Надежда Осиповна явно гордилась этим педагогическим достижением.
– Непослушный он был. Когда отца не было дома, он пробирался в «запретный кабинет» – рассматривал и трогал книги. Перечитал их все очень быстро и принялся сочинять свое. – Надежда Осиповна заулыбалась. – На восьмом году возраста, умея уже читать и писать, Саша сочинял на французском языке эпиграммы на своих учителей, а потом принялся за целую героикомическую поэму, песнях в шести, под названием «Толиада», которой героем был карла царя-тунеядца Дагоберта, а содержанием – война между карлами и карлицами.

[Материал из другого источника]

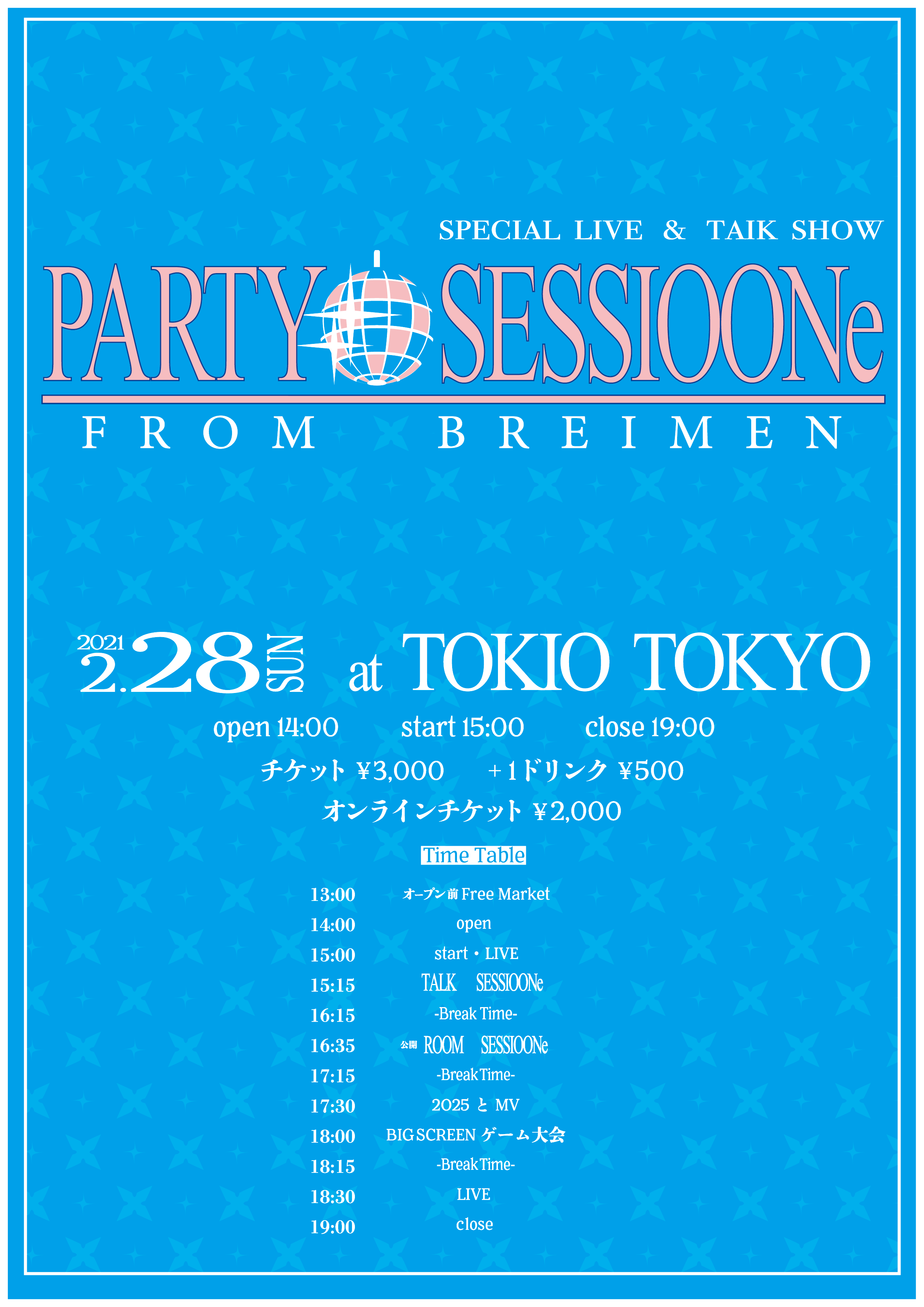 ライヴも少しやるけど色々BREIMENの裏側が知れるような内容になってます。それぞれ無理なく来れる人は来て来れない人は観て、気をつけながらパーティーしましょ。
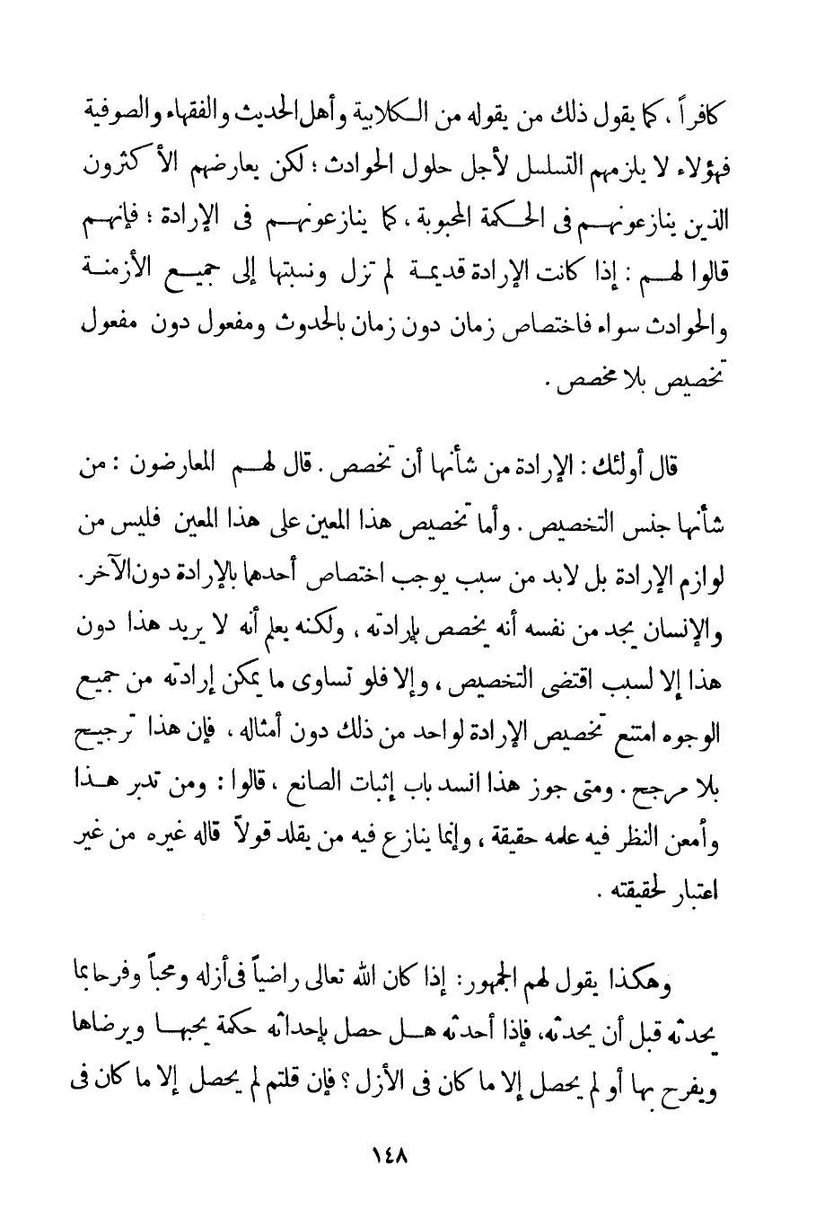 كَافِرًا كَمَا يَقُولُ ذَلِكَ مَنْ يَقُولُهُ مِنْ الْكُلَّابِيَة وَأَهْلِ الْحَدِيثِ وَالْفُقَهَاءِ وَالصُّوفِيَّةِ فَهَؤُلَاءِ لَا يَلْزَمُهُمْ التَّسَلْسُلُ لِأَجْلِ حُلُولِ الْحَوَادِثِ؛ لَكِنْ يُعَارِضُهُمْ الْأَكْثَرُونَ الَّذِينَ يُنَازِعُونَهُمْ فِي الْحِكْمَةِ الْمَحْبُوبَةِ كَمَا يُنَازِعُونَهُمْ فِي الْإِرَادَةِ؛ فَإِنَّهُمْ قَالُوا لَهُمْ: إذَا كَانَتْ الْإِرَادَةُ قَدِيمَةً لَمْ تَزَلْ وَنِسْبَتُهَا إلَى جَمِيعِ الْأَزْمِنَةِ وَالْحَوَادِثِ سَوَاءٌ فَاخْتِصَاصُ زَمَانٍ دُونَ زَمَانٍ بِالْحُدُوثِ وَمَفْعُولٍ دُونَ مَفْعُولٍ تَخْصِيصٌ بِلَا مُخَصِّصٍ. قَالَ أُولَئِكَ: الْإِرَادَةُ مِنْ شَأْنِهَا أَنْ تُخَصَّصَ. قَالَ لَهُمْ الْمُعَارِضُونَ: مِنْ شَأْنِهَا جِنْسُ التَّخْصِيصِ. وَأَمَّا تَخْصِيصُ هَذَا الْمُعَيَّنِ عَلَى هَذَا الْمُعَيَّنِ فَلَيْسَ مِنْهُ لَوَازِمُ الْإِرَادَةِ بَلْ لَا بُدَّ مِنْ سَبَبٍ يُوجِبُ اخْتِصَاصَ أَحَدِهِمَا بِالْإِرَادَةِ دُونَ الْآخَرِ. وَالْإِنْسَانُ يَجِدُ مِنْ نَفْسِهِ أَنَّهُ يُخَصَّصُ بِإِرَادَتِهِ وَلَكِنَّهُ يَعْلَمُ أَنَّهُ لَا يُرِيدُ هَذَا دُونَ هَذَا إلَّا لِسَبَبِ اقْتَضَى التَّخْصِيصَ وَإِلَّا فَلَوْ تَسَاوَى مَا يُمْكِنُ إرَادَتُهُ مِنْ جَمِيعِ الْوُجُوهِ امْتَنَعَ تَخْصِيصُ الْإِرَادَةِ لِوَاحِدِ مِنْ ذَلِكَ دُونَ أَمْثَالِهِ فَإِنَّ هَذَا تَرْجِيحٌ بِلَا مُرَجِّحٍ. وَمَتَى جُوِّزَ هَذَا انْسَدَّ بَابُ إثْبَاتِ الصَّانِعِ قَالُوا: وَمَنْ تَدَبَّرَ هَذَا وَأَمْعَنَ النَّظَرَ فِيهِ عَلِمَهُ حَقِيقَةً وَإِنَّمَا يُنَازِعُ فِيهِ مَنْ يُقَلِّدُ قَوْلًا قَالَهُ غَيْرُهُ مِنْ غَيْرِ اعْتِبَارٍ لِحَقِيقَتِهِ. وَهَكَذَا يَقُولُ لَهُمْ الْجُمْهُورُ: إذَا كَانَ اللَّهُ تَعَالَى رَاضِيًا فِي أَزَلِهِ وَمُحِبًّا وَفَرِحًا بِمَا يُحْدِثُهُ قَبْلَ أَنْ يُحْدِثَهُ فَإِذَا أَحْدَثَهُ هَلْ حَصَلَ بِإِحْدَاثِهِ حِكْمَةٌ يُحِبُّهَا وَيَرْضَاهَا وَيَفْرَحُ بِهَا أَوْ لَمْ يَحْصُلْ إلَّا مَا كَانَ فِي الْأَزَلِ؟ فَإِنْ قُلْتُمْ لَمْ يَحْصُلْ إلَّا مَا كَانَ فِي

– О, вы сохранили эту поэму? – заинтересовался я.
Она поджала губы.
– Из-за этих стихов вышла нехорошая история. Гувернантка подстерегла тетрадку и, отдавая ее гувернеру Шеделю, жаловалась, что m-r Alexandre занимается таким вздором, отчего и не знает никогда своего урока. И в самом деле, полагаясь на свою счастливую память, Саша никогда не твердил уроков, а повторял их вслед за Оленькой, когда ту спрашивали.
– Хитрец, – кивнул я.
– Нередко учитель спрашивал его первого и таким образом ставил Сашу в тупик, – ухмыльнулась Надежда Осиповна. – А вот арифметика казалась для него недоступною, и он часто над первыми четырьмя правилами, особенно над делением, заливался горькими слезами. Месье выводили из себя рассеянность Александра, его молчание на окрики, занятость какими-то странными мыслями, каковых в таком возрасте не должно быть. И вот, заполучив Сашенькины стихи с кучей грамматических ошибок, мсье исправил все красным цветом, а сбоку начертил знак вопроса, выразив таким образом свои сомнения в уместности подобных занятий. За общим обедом учитель зачитал эти сочинения, мы с Сергеем Львовичем смеялись, но Саша был потрясен. Ох, помню он расплакался, а потом, как тигр, прыгнул на француза, выхватил заветные листы и выбежал из столовой в другую комнату, где в ту пору топилась печь… И швырнул свои стихи в огонь. Поэма та погибла!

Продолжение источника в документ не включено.